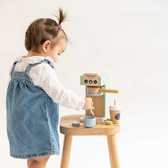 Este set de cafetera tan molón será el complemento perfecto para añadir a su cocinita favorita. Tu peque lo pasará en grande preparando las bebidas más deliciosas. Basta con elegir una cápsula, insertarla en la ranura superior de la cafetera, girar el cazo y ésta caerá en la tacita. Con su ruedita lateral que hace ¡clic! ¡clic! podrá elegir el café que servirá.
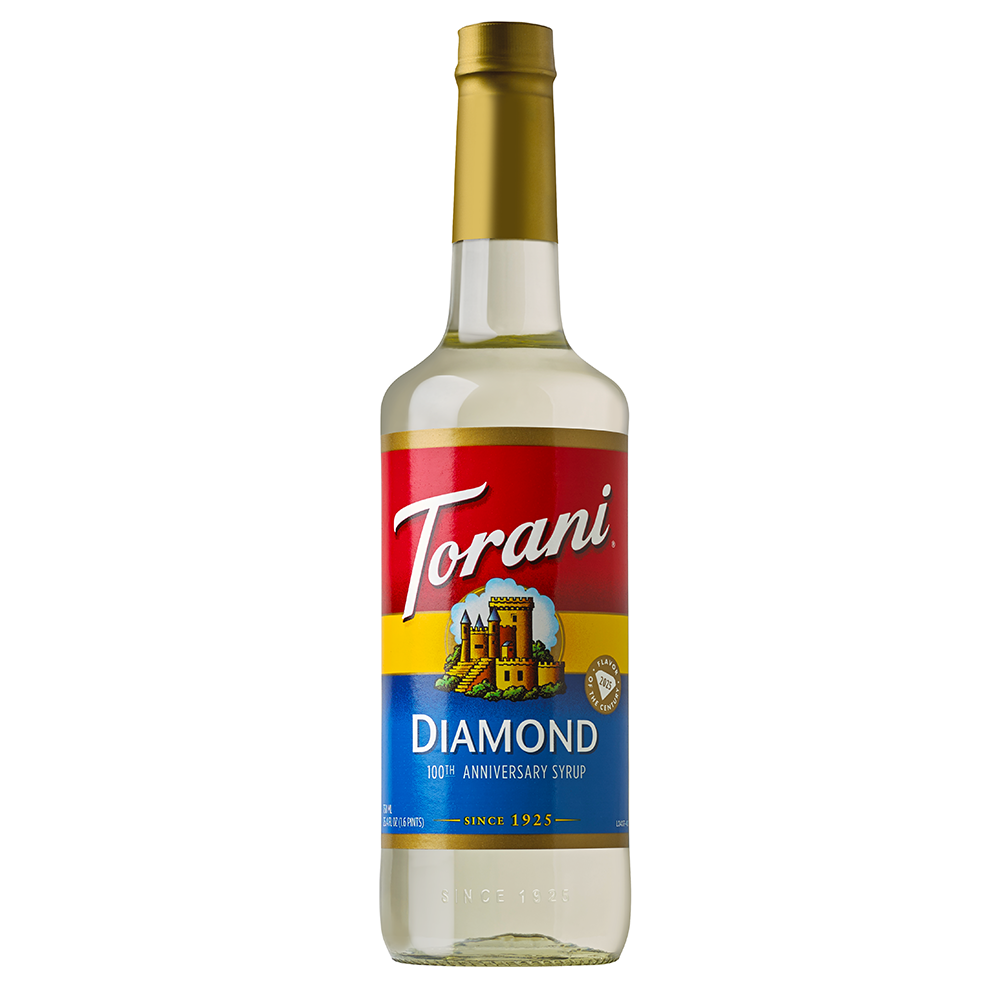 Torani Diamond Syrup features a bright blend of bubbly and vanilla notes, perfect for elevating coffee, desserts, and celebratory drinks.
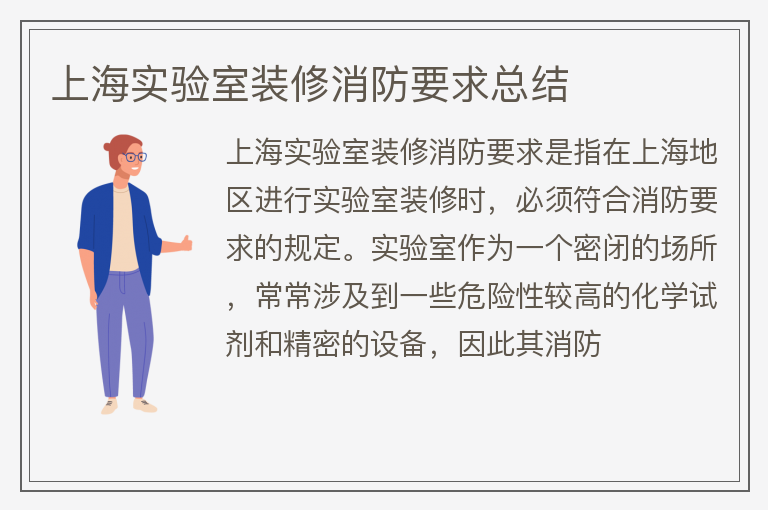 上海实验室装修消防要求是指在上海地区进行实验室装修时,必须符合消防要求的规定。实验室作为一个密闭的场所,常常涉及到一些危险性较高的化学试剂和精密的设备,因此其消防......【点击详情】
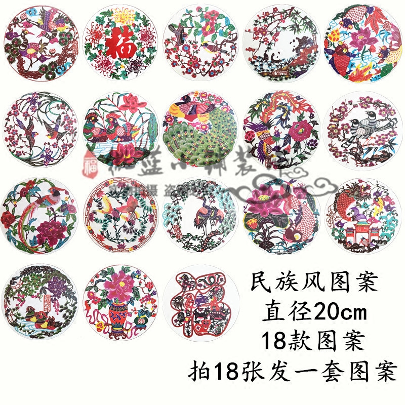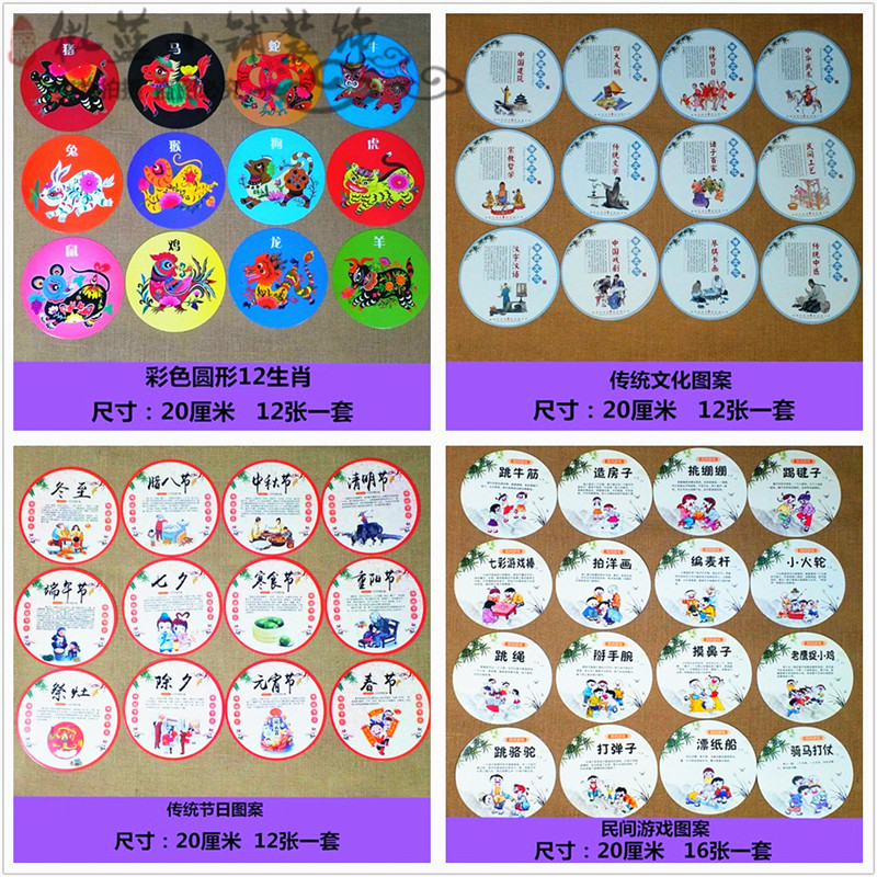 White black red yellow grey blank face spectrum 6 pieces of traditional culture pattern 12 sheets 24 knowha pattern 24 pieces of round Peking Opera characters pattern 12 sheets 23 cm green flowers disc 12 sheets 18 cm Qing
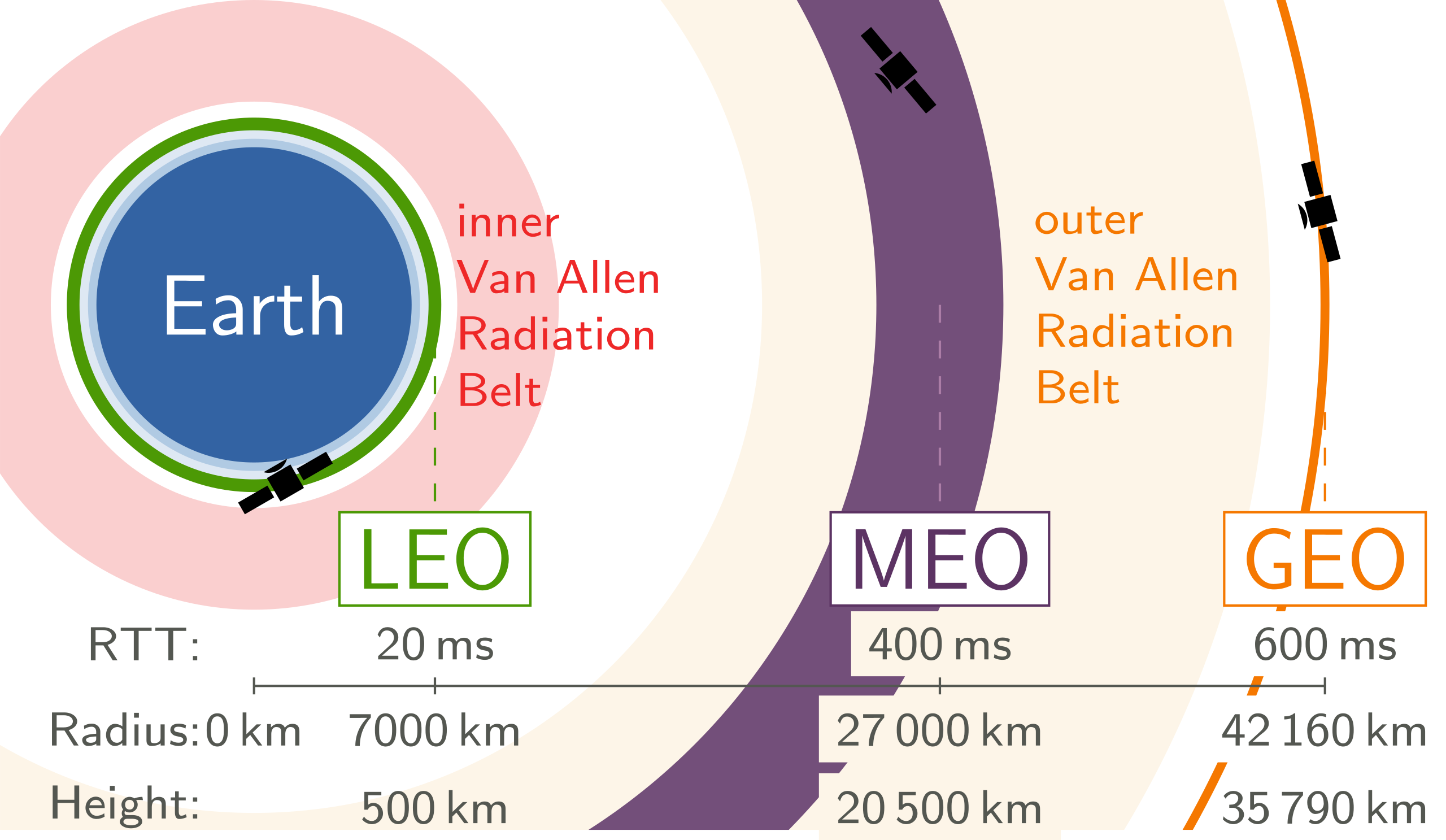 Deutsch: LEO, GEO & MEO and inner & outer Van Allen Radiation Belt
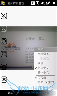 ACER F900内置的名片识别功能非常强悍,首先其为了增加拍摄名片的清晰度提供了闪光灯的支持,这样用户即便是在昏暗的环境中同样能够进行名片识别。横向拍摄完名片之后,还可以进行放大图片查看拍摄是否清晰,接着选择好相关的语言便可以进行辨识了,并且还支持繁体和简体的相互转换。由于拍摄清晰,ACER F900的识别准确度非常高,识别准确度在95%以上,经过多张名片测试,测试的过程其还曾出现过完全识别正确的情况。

○ ○ ○

◆ Goal of the exercise
Would you give again, exactly, the lines in the data above that run from the line containing "White black red" to the line containing "Deutsch: LEO, GEO"? Include both ends and no pictures.

◆ Output below
 White black red yellow grey blank face spectrum 6 pieces of traditional culture pattern 12 sheets 24 knowha pattern 24 pieces of round Peking Opera characters pattern 12 sheets 23 cm green flowers disc 12 sheets 18 cm Qing
 Deutsch: LEO, GEO & MEO and inner & outer Van Allen Radiation Belt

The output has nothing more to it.